By Liam Reilly, CNN

(CNN) — The New York Times on Thursday announced that it will license content from across its newsroom to train Amazon AI models.

Under the multi-year deal, Amazon’s AI services like Alexa will be able to use Times content, including from NYT Cooking and sports website The Athletic, to produce summaries and short excerpts in real time. The Jeff Bezos-owned company will use decades’ worth of the Gray Lady’s content to train its AI models.

“The collaboration will make The New York Times’s original content more accessible to customers across Amazon products and services, including direct links to Times products, and underscores the companies’ shared commitment to serving customers with global news and perspectives within Amazon’s AI products,” the Times said in a statement.

The deal is “consistent with our long-held principle that high-quality journalism is worth paying for,” The New York Times Company’s CEO Meredith Kopit Levien said in an internal memo obtained by CNN. “It aligns with our deliberate approach to ensuring that our work is valued appropriately, whether through commercial deals or through the enforcement of our intellectual property rights.”

Amazon consumers will be provided direct links to Times products “whenever it makes sense,” a Times spokesperson told CNN. The deal is designed to ensure that when Times articles are used, they’re correctly attributed and presented in a way that maintains the paper’s journalistic integrity, the spokesperson said.

“We believe this appro?ach helps address concerns about potential misrepresentation while making quality journalism more accessible in emerging AI experiences,” the spokesperson said.

While the agreement to use content is new, the deal expands an existing relationship in which the Times has used Amazon Music to host its podcasts.
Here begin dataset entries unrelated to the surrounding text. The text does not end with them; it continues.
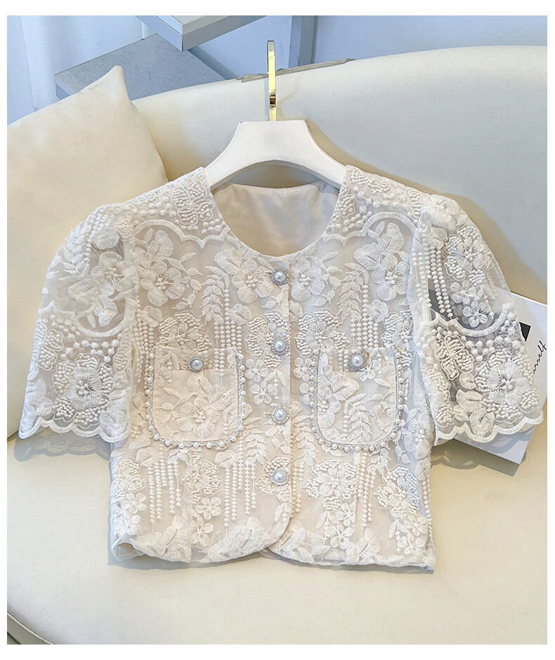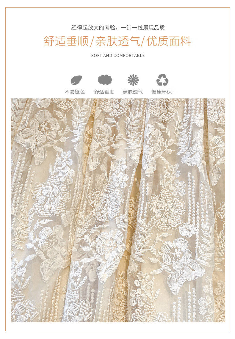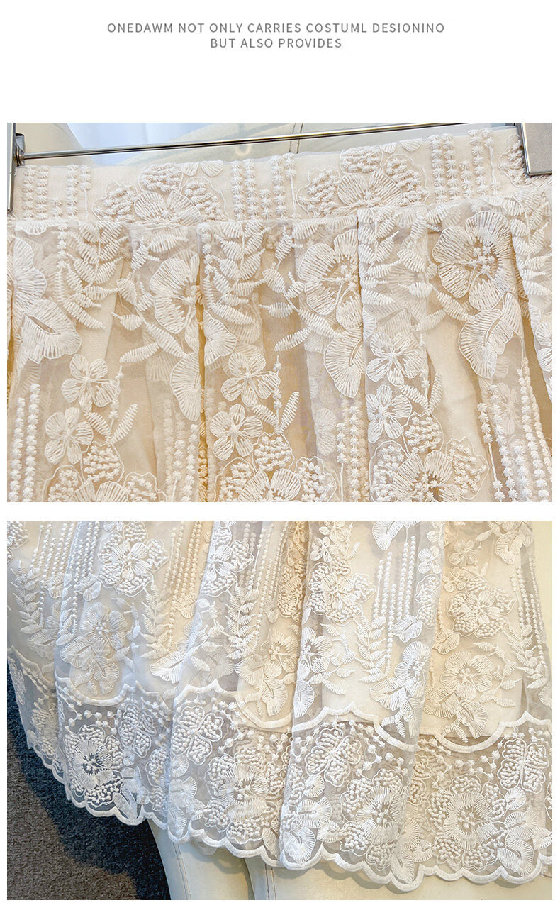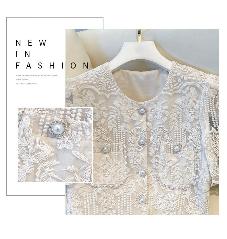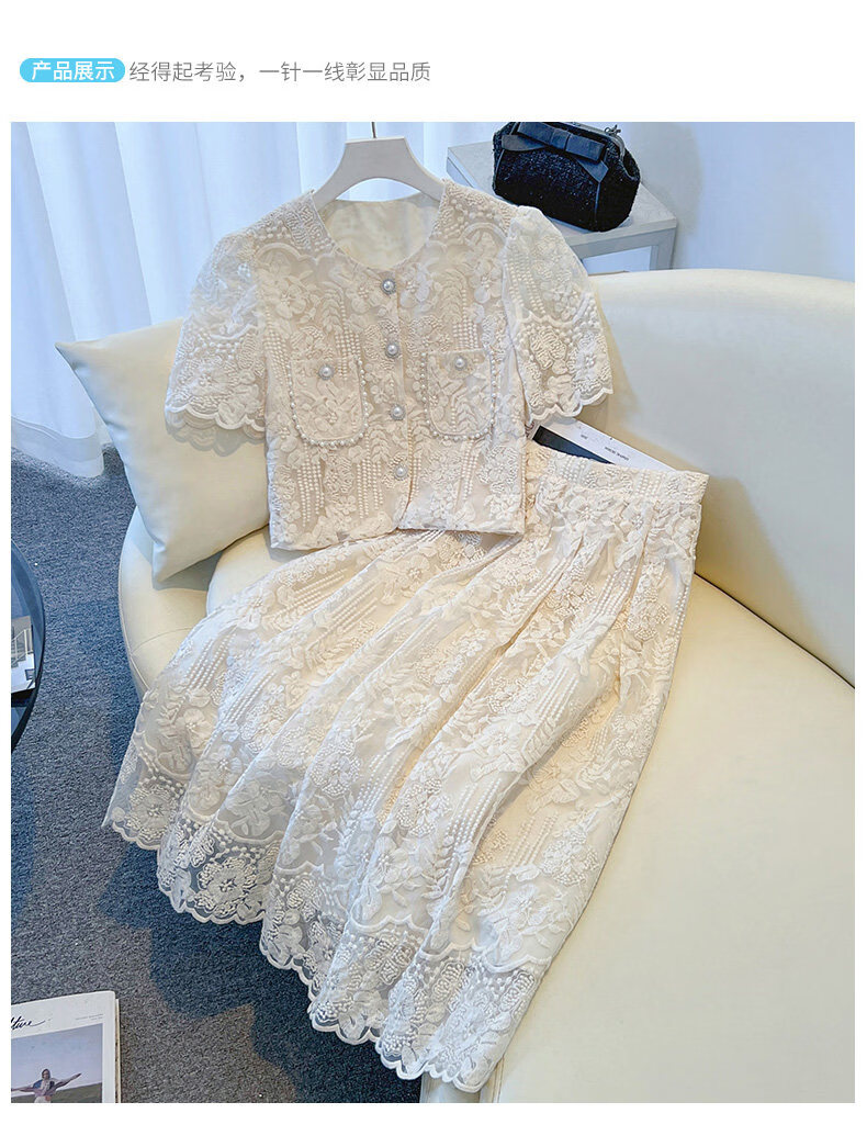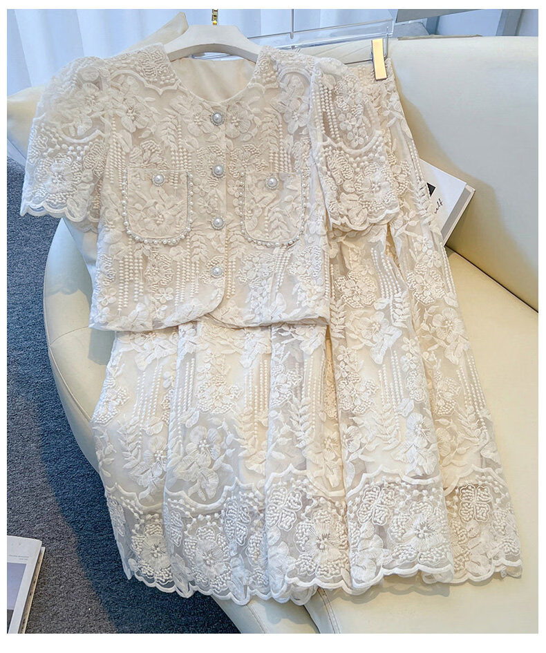 MODX国风高端小香风洋装2026新款女夏法式蕾丝钩花小礼服显瘦两件套 杏色两件套 S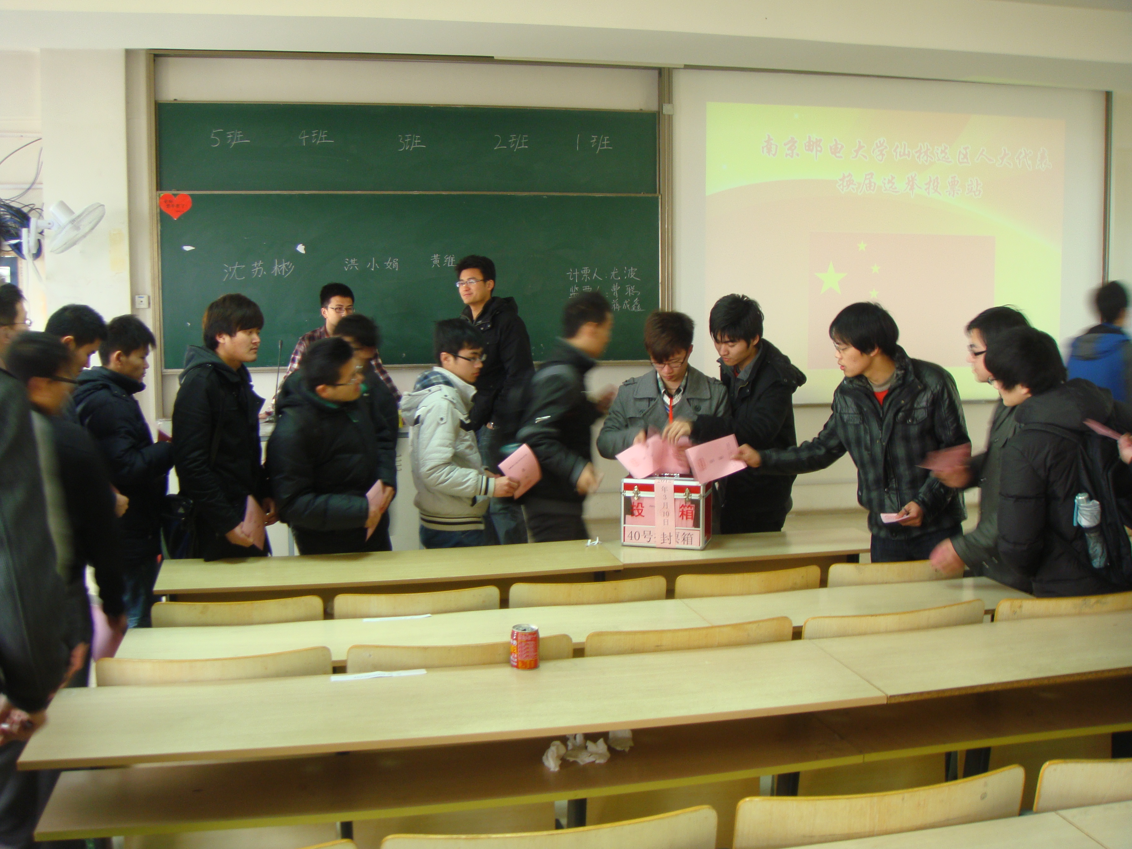2012年3月10日是南京市栖霞区第十七届人民代表换届高校选举投票日,yl6809永利皇宫600余名学生在各年级辅导员及学生干部的通力协作和精心组织下,排队有秩序地验证、领票、填写、投票,依法行使民主权利,投出自己庄严而神圣的一票,选出了自己满意的人大代表,整个选举过程秩序井然、程序规范。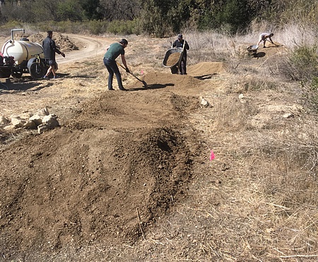 A number of companies and volunteer organizations have asked us if they could do trailwork as a team building exercise, or just to give back to the community. We are happy to work with such groups - shoot us an enquiry at trailwork@corbamtb.com for more information! For CORBA workdays, we provide lunch for participants after we're finished. Please register in advance to help us prepare by knowing how many volunteers to expect. Parents/guardians are responsible for minors at all times, and they must constantly and directly supervise children under 14. Children must be over 7-years old to attend. Please leave your four-legged friends at home! Saturday April 14: Backbone Trail Restoration from Latigo Canyon Road. CORBA and the Santa Monica Mountains Trails Council will be joining forces again to fix ruts and clear brush on this popular section of the Backbone Trail. Please register online so we'll know how many people to expect. Full details are available on the registration page. Summary of Recent Trailwork Kanan Backbone Trail work on January 13. Nineteen volunteers from CORBA and the Santa Monica Mountain Trails council fixed or installed a total of 60 drains heading up the hill (east) over 1.4 miles from the trailhead on Kanan Road. We also cut back the brush over some of that section. See the complete summary in our trailwork blog article. To see all trailwork dates, including those of other groups, visit the CORBA calendar. Join our mailing list to get updates on trailwork

The Times remains open to working with other companies, the spokesperson said, so long as they provide fair value in exchange for the paper’s content and respect the Gray Lady’s reporting through the full scope of AI uses.

The Times declined to provide a dollar figure attached to the deal.

Licensing deals are viewed by many as a viable recourse as AI companies continue to train chatbots using copyrighted data while pulling in profits. Since chatbots are designed to provide users with in-app answers, making them less likely to click through to publishers’ websites and exacerbating traffic woes, the deals afford news publishers a cut of AI profits.

The move is a departure from the Times’ previous position toward AI chatbots. In December 2023, the Times sued OpenAI and Microsoft, accusing the pair of having illegally scraped millions of articles to train ChatGPT and other AI services. And the Times is not alone in accusing chatbots of intellectual theft: Ziff Davis in April sued OpenAI, similarly accusing the company of copyright infringement; and eight Alden Global Capital-owned publications sued OpenAI and Microsoft in April 2024 with similar complaints.

The Times isn’t the only company to do business with an AI company while engaged in a legal fight with another chatbot maker. While the Rupert Murdoch-owned Dow Jones and New York Post sued Perplexity AI in October for illegally copying content, News Corp in May 2024 signed a years-long deal with OpenAI to license content from the media giant’s companies, which include The Wall Street Journal, the New York Post and Barron’s.

Still, not all news publishers have been so resistant. The Washington Post, Guardian Media Group, Agence France-Presse, the Associated Press, Axios, Reuters, Hearst and the Financial Times are just a few news organizations that have inked deals with AI companies to license their content.